*What the exercise asks:*
Below is a listing. Return the lines from the one that contains "Flap holster for" to the one that contains "顺便说一下,允浩现在最迷的是", both ends included, verbatim and with no pictures.

*Data supplied:*
..........
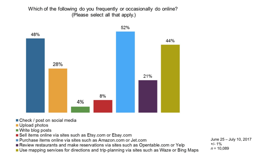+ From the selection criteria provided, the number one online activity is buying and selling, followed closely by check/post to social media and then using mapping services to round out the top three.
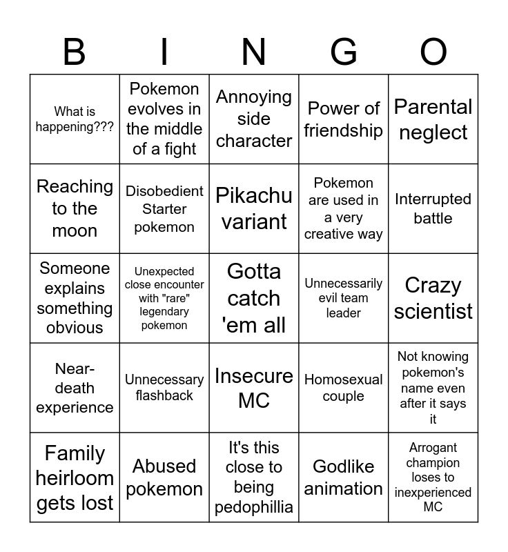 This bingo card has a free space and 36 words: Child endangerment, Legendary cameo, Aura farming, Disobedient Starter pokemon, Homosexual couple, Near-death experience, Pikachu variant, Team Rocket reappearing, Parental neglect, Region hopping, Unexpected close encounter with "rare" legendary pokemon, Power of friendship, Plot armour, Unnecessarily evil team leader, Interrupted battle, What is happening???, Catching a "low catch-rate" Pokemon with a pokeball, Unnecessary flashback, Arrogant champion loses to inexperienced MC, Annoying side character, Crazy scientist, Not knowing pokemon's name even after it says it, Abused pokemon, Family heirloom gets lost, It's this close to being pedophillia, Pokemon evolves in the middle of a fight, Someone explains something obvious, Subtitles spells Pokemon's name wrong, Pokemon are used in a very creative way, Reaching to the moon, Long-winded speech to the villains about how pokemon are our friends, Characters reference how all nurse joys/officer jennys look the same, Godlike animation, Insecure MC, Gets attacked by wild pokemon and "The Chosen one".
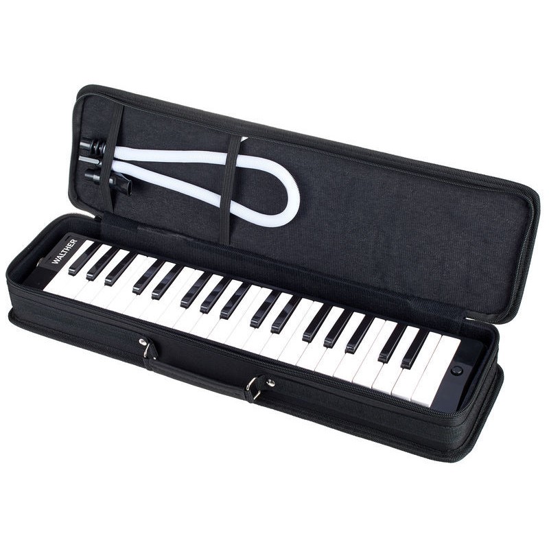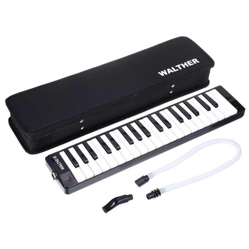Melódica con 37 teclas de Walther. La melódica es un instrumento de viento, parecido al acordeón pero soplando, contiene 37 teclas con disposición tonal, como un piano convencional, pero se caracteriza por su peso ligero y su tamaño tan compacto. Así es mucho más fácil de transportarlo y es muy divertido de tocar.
..........
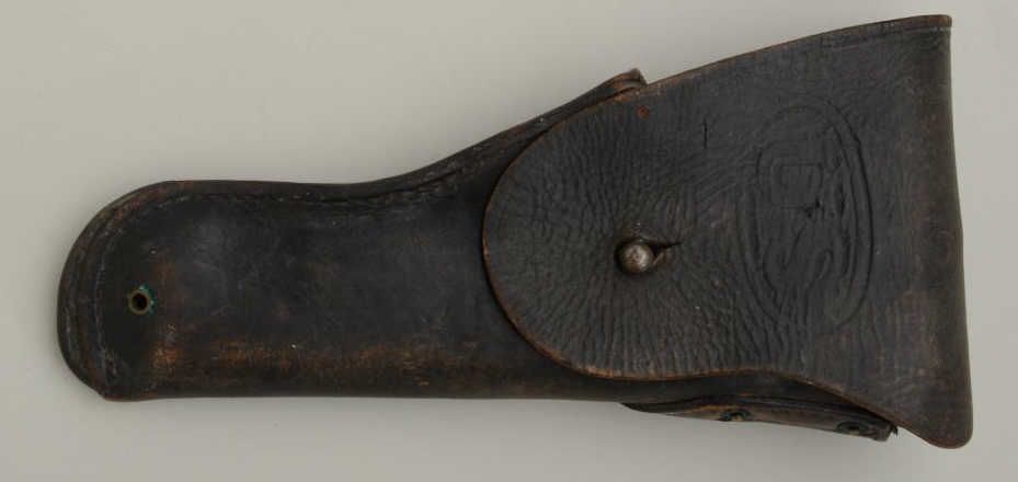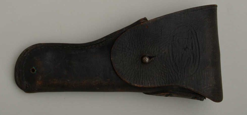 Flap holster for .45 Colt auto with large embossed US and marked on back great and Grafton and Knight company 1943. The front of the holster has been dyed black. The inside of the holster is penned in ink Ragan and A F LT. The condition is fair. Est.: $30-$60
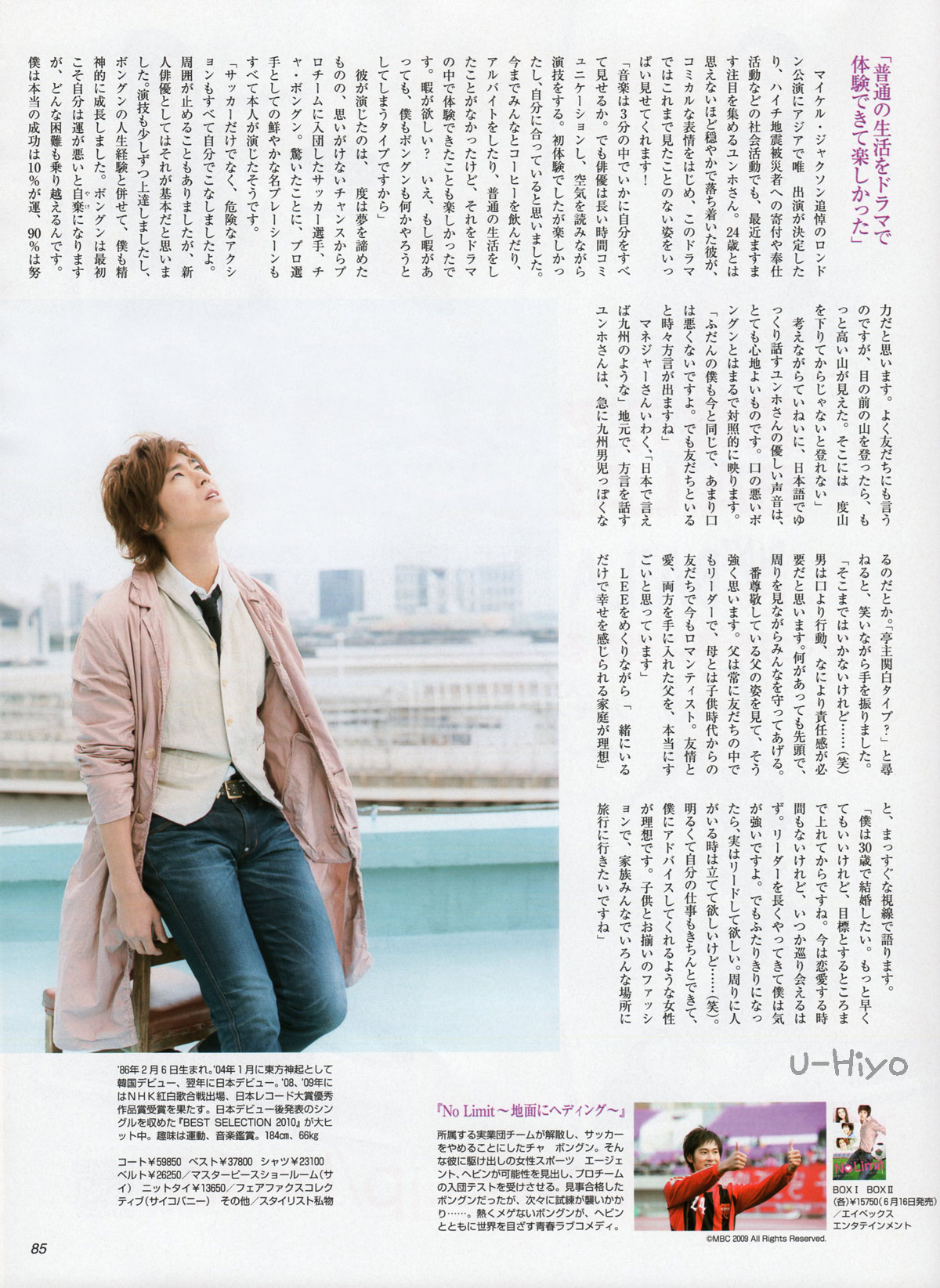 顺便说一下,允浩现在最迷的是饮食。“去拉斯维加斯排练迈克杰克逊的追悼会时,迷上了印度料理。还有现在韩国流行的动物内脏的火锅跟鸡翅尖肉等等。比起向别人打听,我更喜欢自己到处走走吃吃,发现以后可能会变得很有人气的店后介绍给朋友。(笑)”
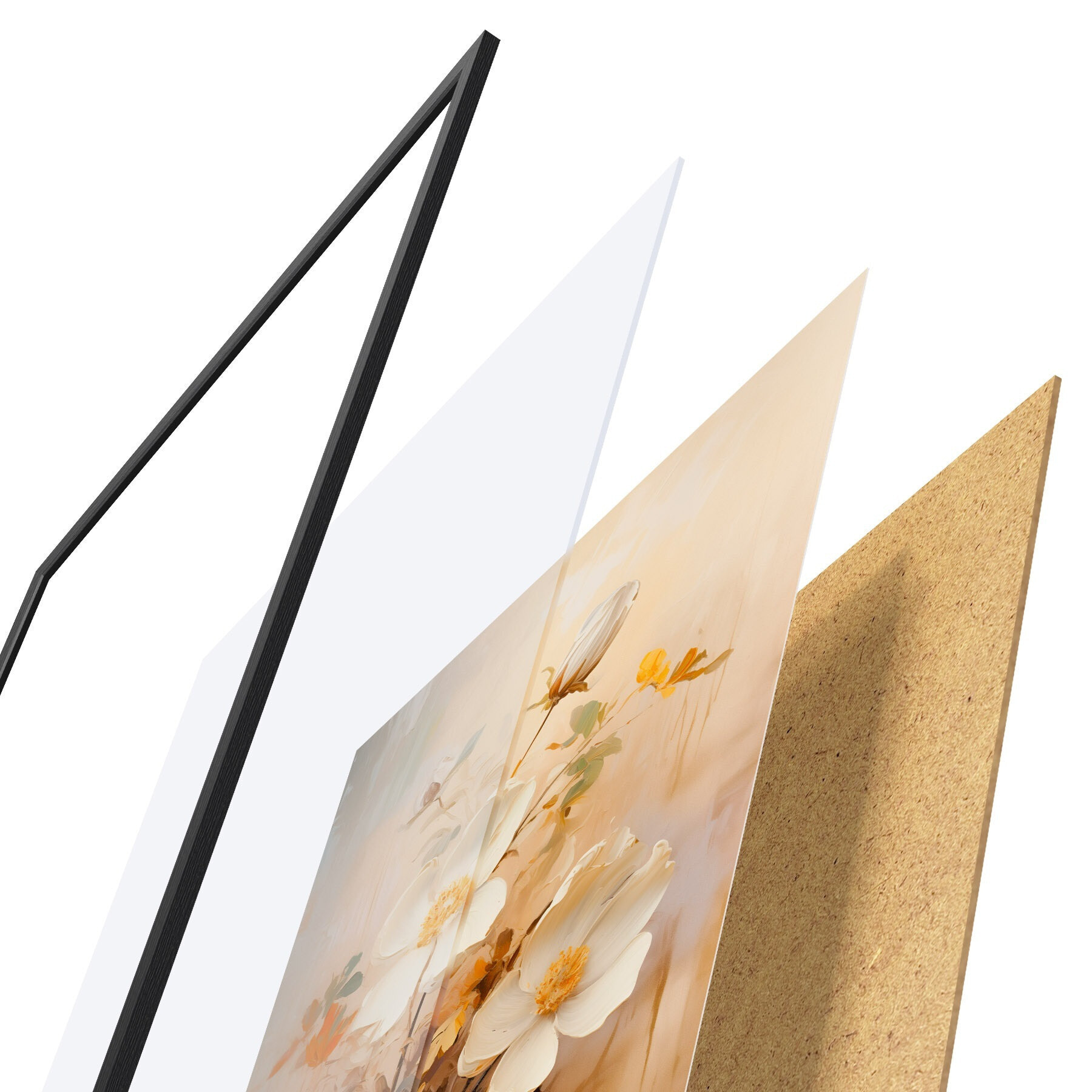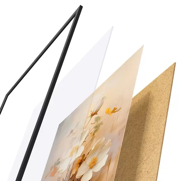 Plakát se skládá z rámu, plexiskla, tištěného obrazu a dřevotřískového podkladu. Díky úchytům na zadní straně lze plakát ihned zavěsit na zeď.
..........
*Answer for the task:*
 Flap holster for .45 Colt auto with large embossed US and marked on back great and Grafton and Knight company 1943. The front of the holster has been dyed black. The inside of the holster is penned in ink Ragan and A F LT. The condition is fair. Est.: $30-$60
 顺便说一下,允浩现在最迷的是饮食。“去拉斯维加斯排练迈克杰克逊的追悼会时,迷上了印度料理。还有现在韩国流行的动物内脏的火锅跟鸡翅尖肉等等。比起向别人打听,我更喜欢自己到处走走吃吃,发现以后可能会变得很有人气的店后介绍给朋友。(笑)”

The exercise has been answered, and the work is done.